This is a cartoon drawing that brings to life an in-joke shared by family members during the holidays. Erin C. from Sarasota, FL requested this drawing of two St. Bernard dogs with one wearing a red sweater. Here is what Erin asked for which explains this drawing in more detail:
“Every other year or so growing up, my family would take a road trip to North Dakota to visit my grandmother. Often times we’d “swing by” Texas to pick up my dad’s twin sister and our cousin, Kris. Cousin Kris is an only child and the only cousin within a 10-year age span of me and my two siblings, so we were all especially close. One year on our road trip, my older sister and Cousin Kris told me this “joke” to see if they could get me to laugh: “A St. Bernard was wearing a red sweater and his mom walked in and said, ‘I thought you were wearing a green sweater.’” My sister and Cousin Kris laughed hysterically as they told the “joke” and I thought, not wanting to be the little sister who didn’t get it, I better laugh too. They finally let me in that the punchline is the joke isn’t funny and the point is to see if they could get you to laugh (even though the “joke” made no sense).

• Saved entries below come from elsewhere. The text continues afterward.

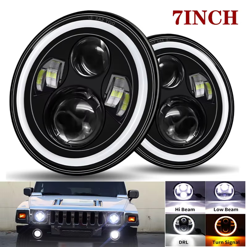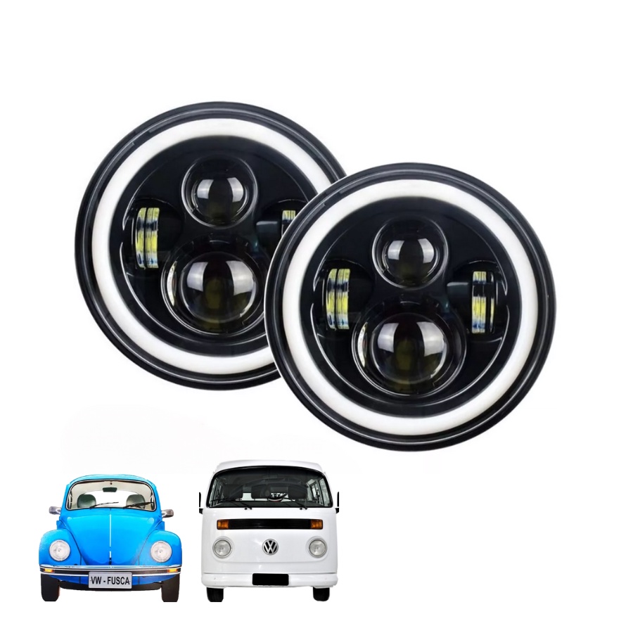 Kit 2 Farol 7 Polegadas Redondo Angel Eyes Defender Led Jeep Fusca Troller Beetle Kombi
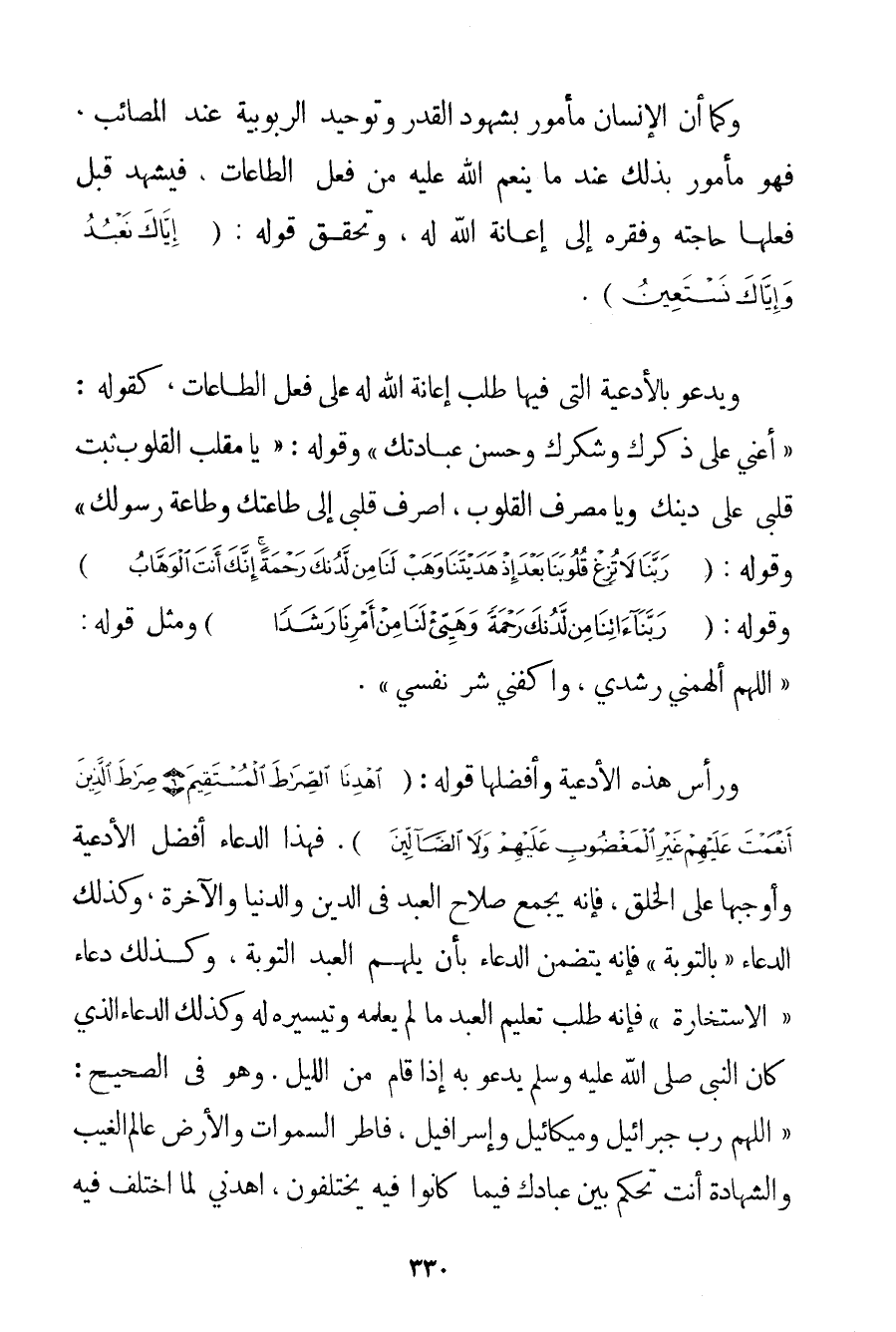 وَكَمَا أَنَّ الْإِنْسَانَ مَأْمُورٌ بِشُهُودِ الْقَدَرِ وَتَوْحِيدِ الرُّبُوبِيَّةِ عِنْدَ الْمَصَائِبِ فَهُوَ مَأْمُورٌ بِذَلِكَ عِنْدَمَا يُنْعِمُ اللَّهُ عَلَيْهِ مِنْ فِعْلِ الطَّاعَاتِ فَيَشْهَدُ قَبْلَ فِعْلِهَا حَاجَتَهُ وَفَقْرَهُ إلَى إعَانَةِ اللَّهِ لَهُ وَتَحَقُّقِ قَوْلِهِ: {إيَّاكَ نَعْبُدُ وَإِيَّاكَ نَسْتَعِينُ} . وَيَدْعُو بِالْأَدْعِيَةِ الَّتِي فِيهَا طَلَبُ إعَانَةِ اللَّهِ لَهُ عَلَى فِعْلِ الطَّاعَاتِ كَقَوْلِهِ: {أَعِنِّي عَلَى ذِكْرِك وَشُكْرِك وَحُسْنِ عِبَادَتِك} وَقَوْلِهِ: {يَا مُقَلِّبَ الْقُلُوبِ ثَبِّتْ قَلْبِي عَلَى دِينِك وَيَا مُصَرِّفَ الْقُلُوبِ اصْرِفْ قَلْبِي إلَى طَاعَتِك وَطَاعَةِ رَسُولِك} وَقَوْلِهِ: {رَبَّنَا لَا تُزِغْ قُلُوبَنَا بَعْدَ إذْ هَدَيْتَنَا وَهَبْ لَنَا مِنْ لَدُنْكَ رَحْمَةً إنَّكَ أَنْتَ الْوَهَّابُ} وَقَوْلِهِ: {رَبَّنَا آتِنَا مِنْ لَدُنْكَ رَحْمَةً وَهَيِّئْ لَنَا مِنْ أَمْرِنَا رَشَدًا} وَمِثْلِ قَوْلِهِ: {اللَّهُمَّ أَلْهِمْنِي رُشْدِي وَاكْفِنِي شَرَّ نَفْسِي} . وَرَأْسُ هَذِهِ الْأَدْعِيَةِ وَأَفْضَلُهَا قَوْلُهُ: {اهْدِنَا الصِّرَاطَ الْمُسْتَقِيمَ} {صِرَاطَ الَّذِينَ أَنْعَمْتَ عَلَيْهِمْ غَيْرِ الْمَغْضُوبِ عَلَيْهِمْ وَلَا الضَّالِّينَ} . فَهَذَا الدُّعَاءُ أَفْضَلُ الْأَدْعِيَةِ وَأَوْجَبُهَا عَلَى الْخَلْقِ فَإِنَّهُ يَجْمَعُ صَلَاحَ الْعَبْدِ فِي الدِّينِ وَالدُّنْيَا وَالْآخِرَةِ وَكَذَلِكَ الدُّعَاءُ " بِالتَّوْبَةِ " فَإِنَّهُ يَتَضَمَّنُ الدُّعَاءَ بِأَنْ يُلْهِمَ الْعَبْدَ التَّوْبَةَ وَكَذَلِكَ دُعَاءُ " الِاسْتِخَارَةِ " فَإِنَّهُ طَلَبُ تَعْلِيمِ الْعَبْدِ مَا لَمْ يَعْلَمْهُ وَتَيْسِيرِهِ لَهُ وَكَذَلِكَ الدُّعَاءُ الَّذِي كَانَ النَّبِيُّ صَلَّى اللَّهُ عَلَيْهِ وَسَلَّمَ يَدْعُو بِهِ إذَا قَامَ مِنْ اللَّيْلِ. وَهُوَ فِي الصَّحِيحِ: {اللَّهُمَّ رَبِّ جبرائيل وميكائيل وَإِسْرَافِيلَ فَاطِرَ السَّمَوَاتِ وَالْأَرْضِ عَالِمَ الْغَيْبِ وَالشَّهَادَةِ أَنْتَ تَحْكُمُ بَيْنَ عِبَادِك فِيمَا كَانُوا فِيهِ يَخْتَلِفُونَ اهْدِنِي لِمَا اُخْتُلِفَ فِيهِ
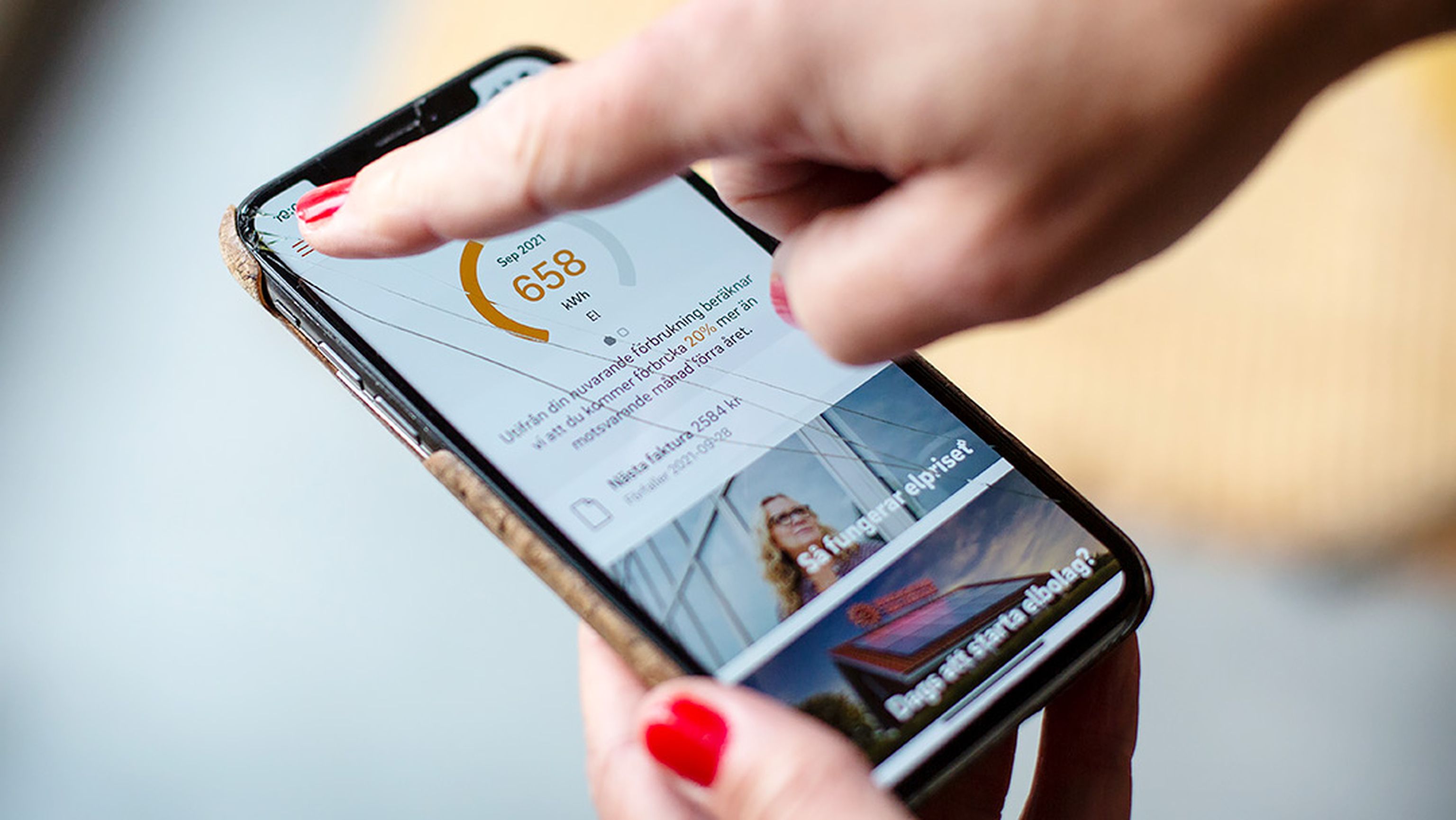 Mikael Bladh er tilfreds med E.ON’s app, som den ser ud i dag. Kunden kan gøre det samme som på ”Mine sider”, f.eks. følge elforbrug og omkostninger ved hjælp af diagrammer. Der findes også en oversigt over tidligere fakturaer.

I was hooked—I’m in on the joke! I wanted to try it and we decided our parents made the perfect people to pitch. A sweet and happy man, my dad’s stone-cold response was still, “That’s not funny. I don’t get it.” We never did get him to join in on the giggles that trip, no matter how many times we repeated the red sweater/green sweater one-liner.
However, to this day, every Christmas when someone walks through the door in a red sweater, you can hear a Barker family member say, “I thought you were wearing a green sweater!” Almost 30 years later, the joke makes us all laugh until we cry. We lost our aunt, my dad’s twin, to brain cancer a few years ago and our Cousin Kris serves as a missionary in Indonesia, so we aren’t able to visit as often as we used to. The “St. Bernard Joke” is now an old inside family joke that may not fill the hearts of those around us as we try to explain it anew each year, but warms ours beyond measure and sparks a happy memory of togetherness.”